#### Records for this task
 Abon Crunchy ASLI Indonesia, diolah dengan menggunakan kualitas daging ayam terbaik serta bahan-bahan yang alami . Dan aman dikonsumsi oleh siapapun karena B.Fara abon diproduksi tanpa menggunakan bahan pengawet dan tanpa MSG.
########
#### Records for this task
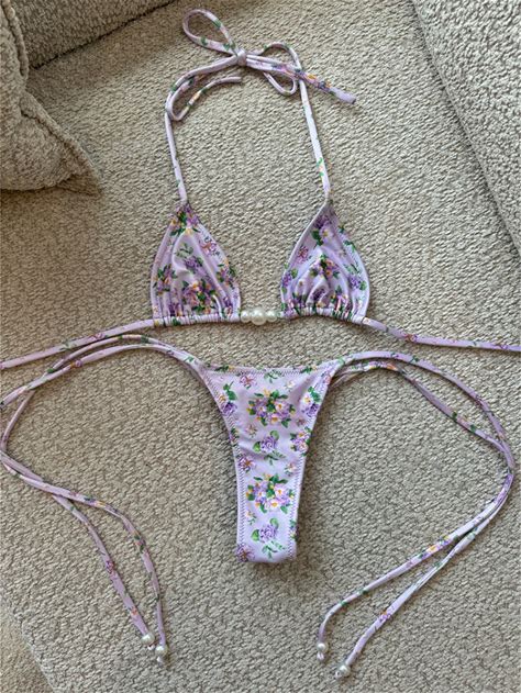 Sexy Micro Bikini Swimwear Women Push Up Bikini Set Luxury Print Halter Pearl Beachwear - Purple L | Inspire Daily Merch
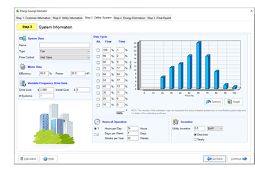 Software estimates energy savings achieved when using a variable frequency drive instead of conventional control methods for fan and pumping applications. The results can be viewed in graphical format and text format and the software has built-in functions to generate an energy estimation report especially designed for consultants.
########
- Exercise description: Would you output the lines above from the line holding "Sexy Micro Bikini" up to and including the line holding "Software estimates energy", exactly and only those, with no pictures?

- Answer to the problem:
 Sexy Micro Bikini Swimwear Women Push Up Bikini Set Luxury Print Halter Pearl Beachwear - Purple L | Inspire Daily Merch
 Software estimates energy savings achieved when using a variable frequency drive instead of conventional control methods for fan and pumping applications. The results can be viewed in graphical format and text format and the software has built-in functions to generate an energy estimation report especially designed for consultants.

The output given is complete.